Fast  and anisotropic chain dynamics coupled with structural disorder  significantly contribute to structural evolution of several  semicrystalline polymers. We report a new class of structural disorder,  “configurational disorder coupled with conformational flexibility  (CDCF)” in polymer crystals. It is revealed that atactic-hydrogenated  poly(norbornene) (hPNB) conducts slow conformational dynamics below crystal-crystal transition temperature (Tcc) and fast uniaxial chain dynamics above Tcc while isotactic (i)- and syndiotactic (s)-hPNBs do not perform such fast chain dynamics. It is for the first time demonstrated that the presence of fast chain dynamics leads to much higher crystallinity (80 %) and much longer long-period (L = 96 nm) in a-hPNB than those of s- and i-hPNBs (crystallinity of 50-55 % and L of 17-21 nm).

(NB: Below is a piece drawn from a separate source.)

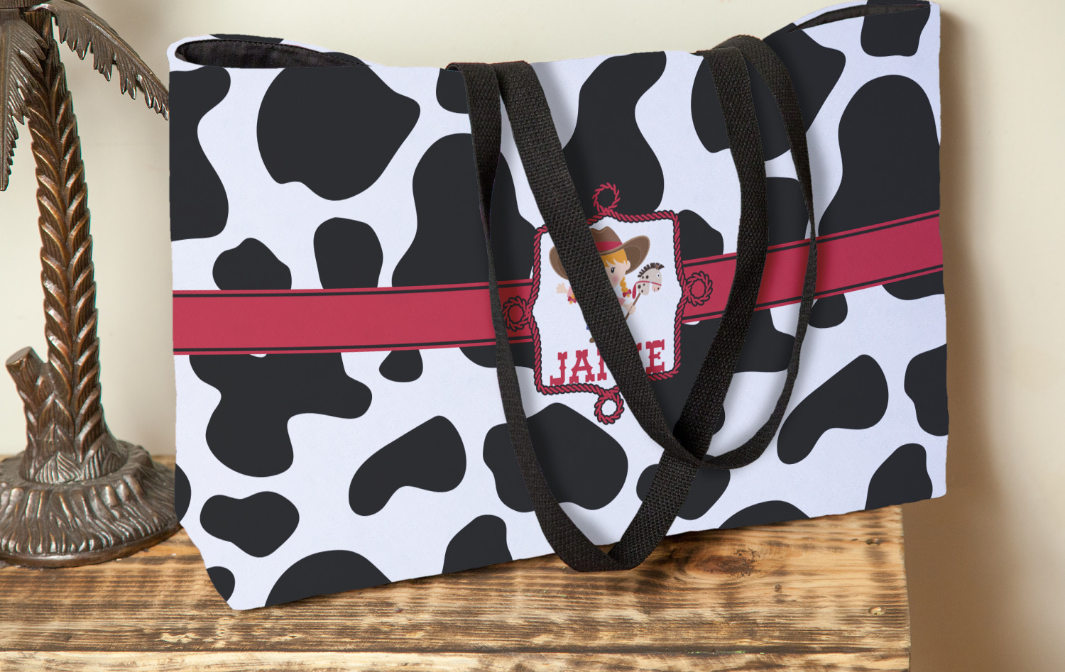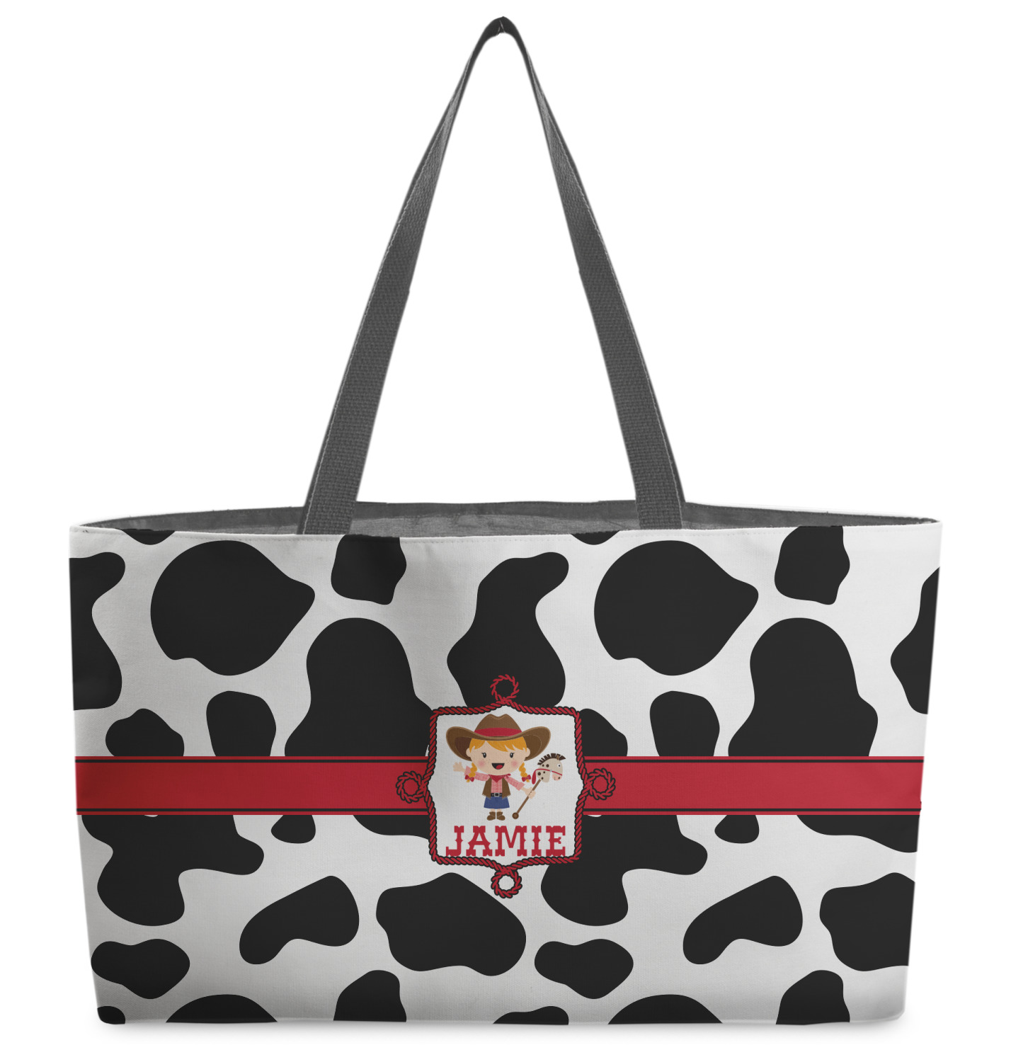This western themed design is perfect a cowboy or cowgirl. The background is cow print, with a red ribbon in the center. The label is made of rope and you can customize it by choosing a cowgirl or a cowboy.

It is concluded that CDCF plays an important role for phase transitions, fast chain dynamics, and unique structural evolution in stereo-irregular polymers.

Thursday, December 10, 2020, 3 pm CET

Dr. Yang Yao

Laboratory of Food and Soft Materials, ETH Zürich

Crystallization and dynamics of polymer and water under nano-sized confinement

Polymer topology has inevitable influence on the structure, packing, and dynamic of chains. I will present the impact of polymer architecture on crystallization under 2D confinement of nanoporous alumina. In contrast to the heterogeneous nucleation in the bulk, mainly homogeneous nucleation is observed under confinement. The homogeneous nucleation temperature of the non-linear topologies is identical to that of linear ones, provided that the arm, branched, or the block molecular weight is used instead of the total molecular weight. In addition, the segmental dynamics speeds-up reflecting a reduction in glass temperature. Furthermore, I will present crystallization and dynamics of confined water. Many biological processes take place in crowded aqueous surroundings and water in living cells can be considered as confined water, which behaves differently with respect to the nucleation mechanism and the molecular dynamics comparing to the bulk. Building on first results on water nano-confined to silica, the talk will present cutting edge results on water in biomimetic environment, which will shed light on the understanding of life in extreme environment.

Prof. Dr. Ernst Rössler

Experimental Physics, Universität Bayreuth



Thursday, January 7 or 21, 2021, 3 pm CET

Prof. Dr. Robert Hickey

Materials Science and Engineering, Penn State U

Solvent-Non-Solvent Rapid Injection for the Preparation of Hierarchically Ordered Hydrogels

Recent  work has shown that non-solvent-induced phase separation methods will  produce hierarchically ordered physically crosslinked hydrogels when  using amphiphilic triblock copolymers  comprising of a hydrophobic-hydrophilic-hydrophobic chain sequence. The  polymers, initially in a water miscible good solvent, will rapidly  self-assemble at the nano and microscale when injected into water. The  presentation will cover the rapid-injection method  to produce physically crosslinked hydrogels, and the impact of the  processing conditions on the mechanical properties and hierarchical  structure of the hydrogels.